Of course nothing can prevent a complete corruption of the system,
if the people running the election, counting the votes, and doing
the checking are corrupt then clearly there is nothing a voting
"system" can do about it.

Of once that happens the time until popular revolution probably isn't
that large. And of course that revolution doesn't have to be violent,
nation wide strikes and and such can have the same effect.

All that is necessary is that the thing that is counted is actually
the thing that the voter saw. Computer tallies with no audit trail are
unacceptable, computer tallies with random counts of real votes (and
hopefully complete counting of real votes - but that would take longer,
and for reasons I don't understand those Americans don't seem willing to
wait a few weeks for votes to be counted). You must assume the system
is honest, with safe guards against corrupt elements - a rogue voting
machine that reports incorrect tallies for example.

Voting secrecy could still be maintained by pgp encryption of the
records. Personally, I think the "secret ballot" no longer serves it's
original purpose, of protecting the voter from reprecussions, if they
"vote wrong". In this day and age of "homeland security surveillance",
the government can learn about your personal ideas by eavesdropping,
which is probably a more reliable indicator than how you vote.
So now-a-days, the only people who benefit from secret ballots, are the
"election-fixers".

The secret ballot works as long as people think it is secret (or secret
enough anyway). People vote differently in secret ballots than they
do in "raise your hand" voting - humans are social animals and modify
their behaviour for social gain. This is easily seen by the large errors
in opinion polls and exit polls when their is a party that holds "popular"
views which are not socially acceptable (of course once the party wins
some votes the polls change as people feel safer being honest).


[snip voting scheme]
Of course, all this should be written in Perl, :) Because it is
easier to check for validity. There also could be alot of post-election
checks that could be run on these records, which would be done
in a fast electronic manner.

I congratulate your far superior ability than mine in managing to
pretend to be on topic.
 
P

Peter Hickman

zentara said:
How about this. You go into vote, insert your usb memory key with your
public and private pgp keys on it.

This is even worse! You are risking giving your private PGP key away.
ALSO, your private key is copied and
saved under the generated anonymous hash name, with a link to which
saved vote record it pertains to.

No you are deliberately giving your private key away.

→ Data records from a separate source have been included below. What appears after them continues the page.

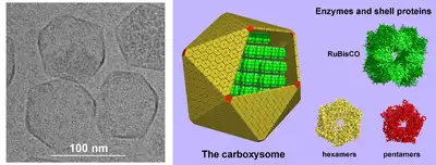 - ^ Yeates TO, Kerfeld CA, Heinhorst S, Cannon GC, Shively JM (August 2008). "Protein-based organelles in bacteria: carboxysomes and related microcompartments". Nat. Rev. Microbiol. 6 (9): 681–691. doi:10.1038/nrmicro1913. PMID 18679172. S2CID 22666203.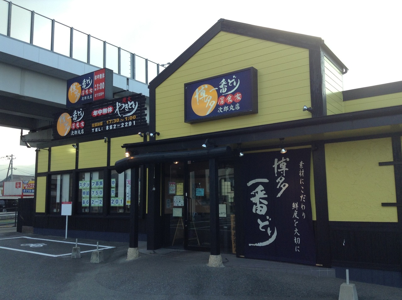 一番どり次郎丸店は、地下鉄次郎丸駅から少し橋本側にあるTSUTAYA、焼肉なべしまと同じ敷地にあります。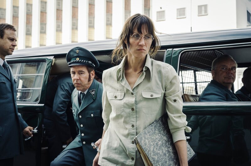 Gudrun Ensslin (Lilith Stangenberg) kurz vor der Ankunft in der JVA Stuttgart Stammheim.Bild: © ZDF und SWR/Hendrik Heiden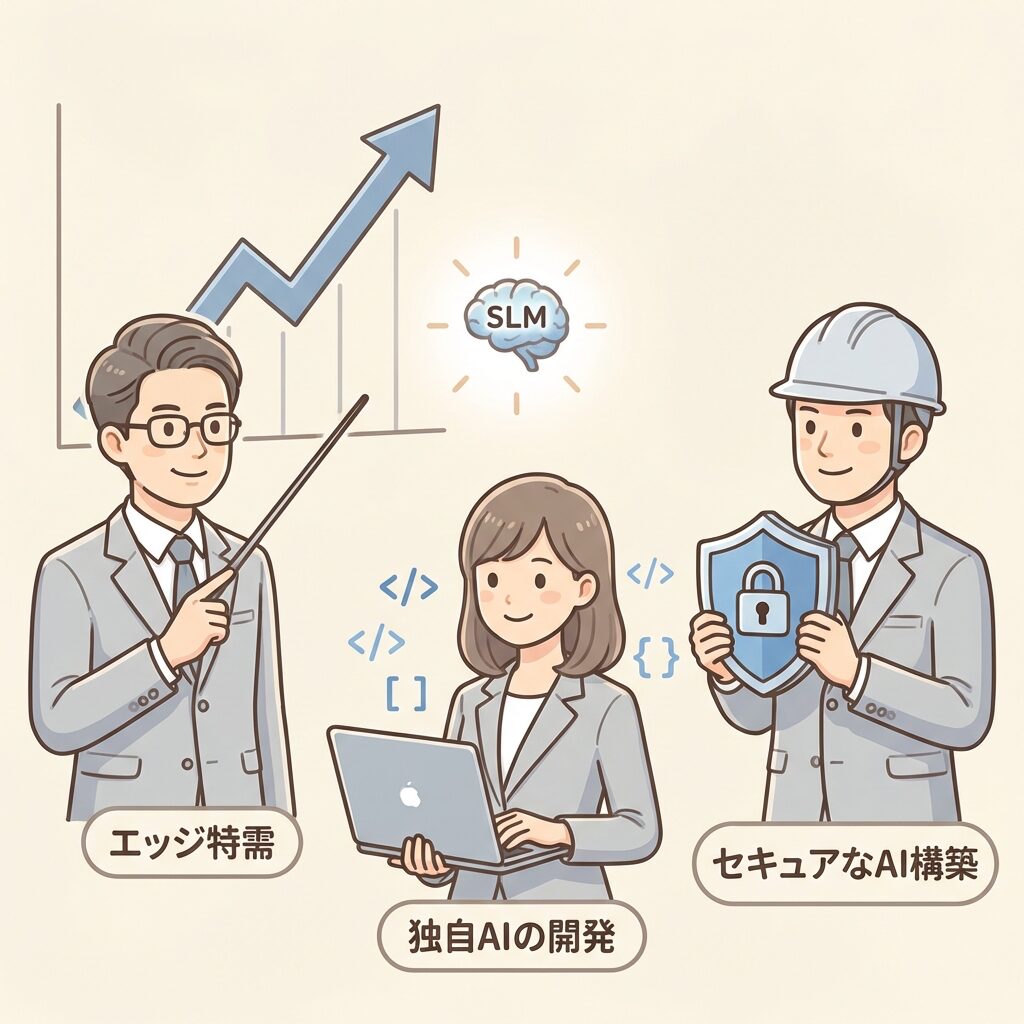 - SLMの普及により、企業は「安全で無料の社内専用AI」を手軽に作れるようになった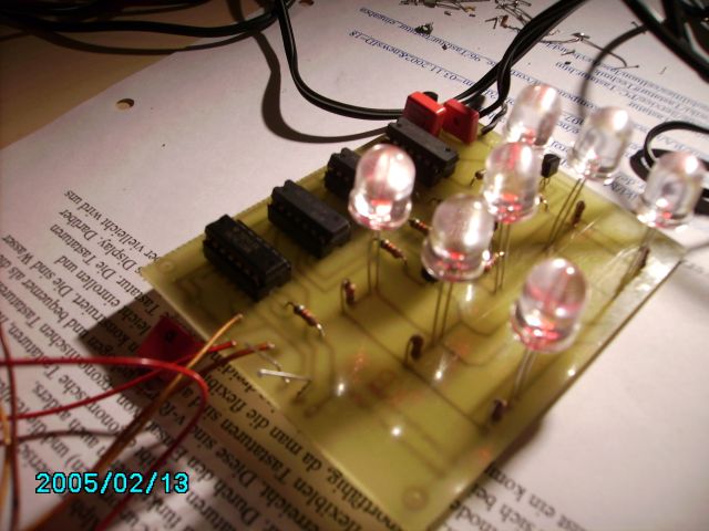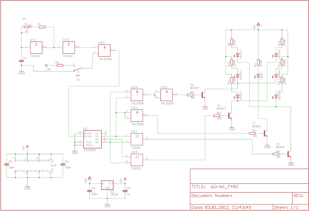Für die Schule habe ich mal vor einigen Jahren im Rahmen des Tages der offenen Tür im Jahr 2007 ein Bastelprojekt für die Jahrgangsstufe 11 unseres Beruflichen Gymnasiums erstellt. Zu diesem Zeitpunkt hatten die Schüler bereits Kenntnisse in der Digitaltechnik. Gut, die Ansteuerung der LEDs mittels Transistor und auch der Taktgenerator waren vorgegeben. Entwickeln konnten die Schüler den Zähler 0…5 und die Logik für die Würfelmuster. Erst wollte ich es in CMOS mit den 40xx machen, aber dann habe ich mich in guter alter Manier für die TTL Bausteine der 74er Serie entschieden.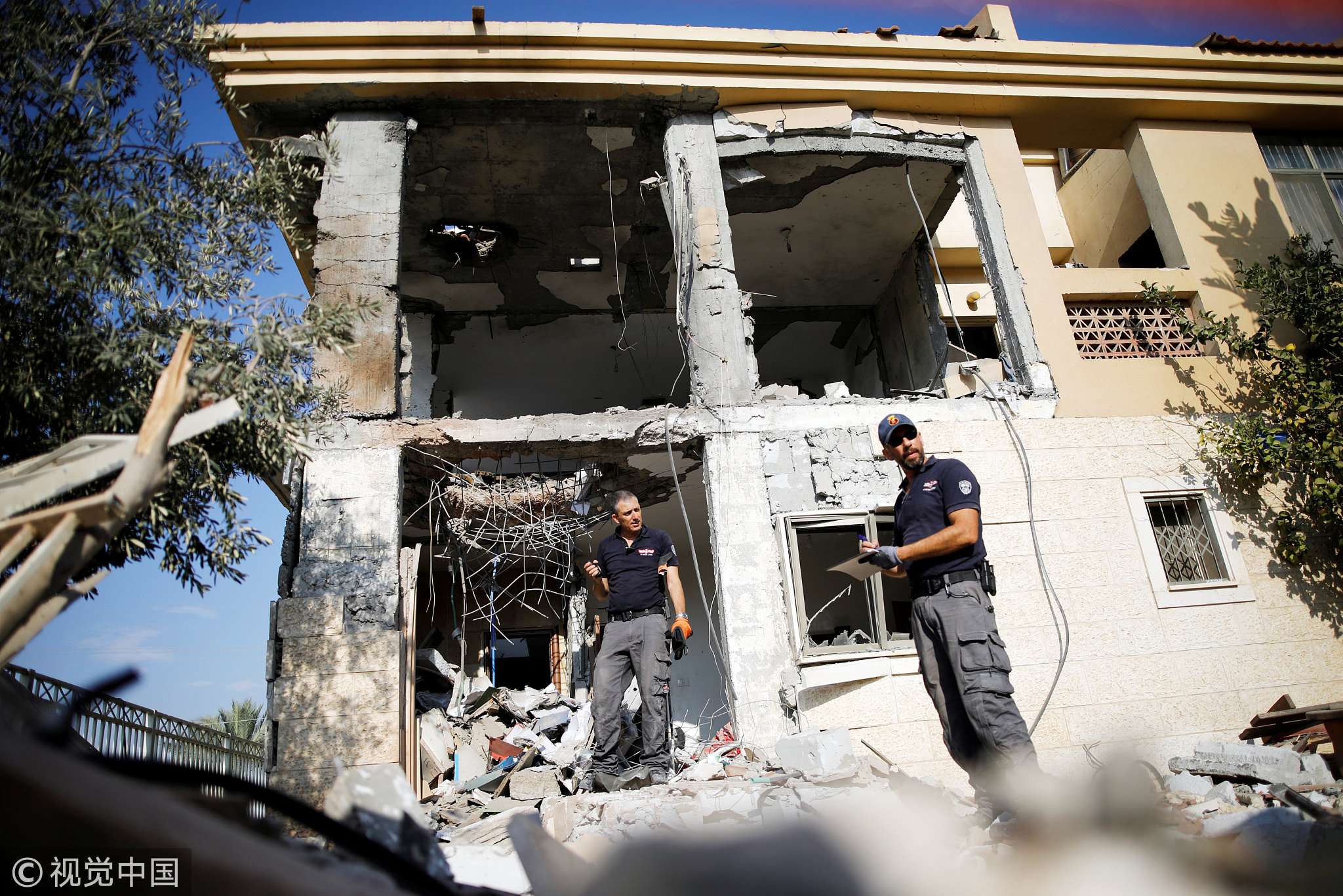 Israeli sappers work on a house that the Israeli military said was hit by a rocket fired from the Gaza Strip, October 17, 2018. /VCG Photo
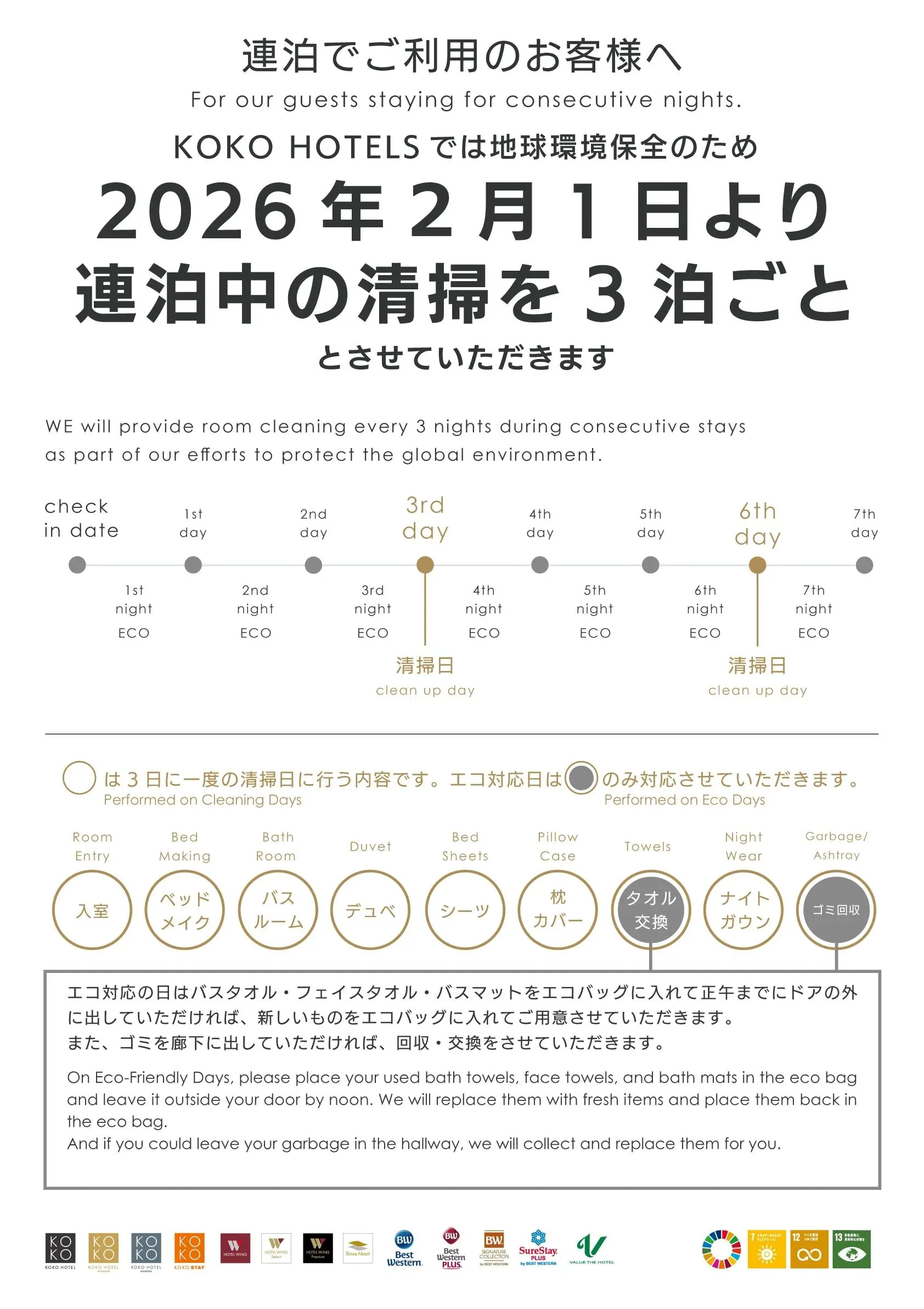 私共では「地球環境保全」のため2026年2月1日(日)チェックインより連泊の方の清掃を「3日に1度」とさせていただきます。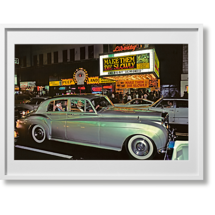이 42번가 사진은 뉴먼이 타임스퀘어 시리즈를 찍은 지 약 30년 후에 촬영되었으며, 그 지역을 위협적이고 음습한 분위기로 재조명하고 있습니다. 이는 몇 년 전에 개봉된 영화 **택시 드라이버(Taxi Driver)**에서 완벽히 묘사된 바 있습니다. 1950년대 이후의 주요한 카메라와 필름 기술의 발전은 뉴먼이 자신의 콘텐츠에 더욱 강렬한 드라마를 불어넣을 수 있게 했습니다. 그는 표지판을 이용해 거리의 무대 같은 설정을 더욱 강조하며, 영화 제목 **Make Them Die Slowly**로 인해 장면에 음산한 아이러니를 부여했습니다. 뉴먼은 롤스로이스를 타고 지나가며 사진작가를 뒷좌석에서 촬영하는 요피 그룹에 의해, 마치 관음자로서 그들의 시선에 포착된 듯한 위치에 서 있습니다.

You really haven't got a clue about the use of public and private keys
and you have missed the point entirely. You are going to use a machine
and give it access to your public and private keys - if anyone managed
to put a backdoor into the voting machine they could syphon off both and
now nothing you ever do will be safely encrypted.

Whilst you are at it why not give it your bank details, mothers maiden
name and pin number.

Also remember that as the machine has your private key it can encrypt
any vote it feels like with your own key.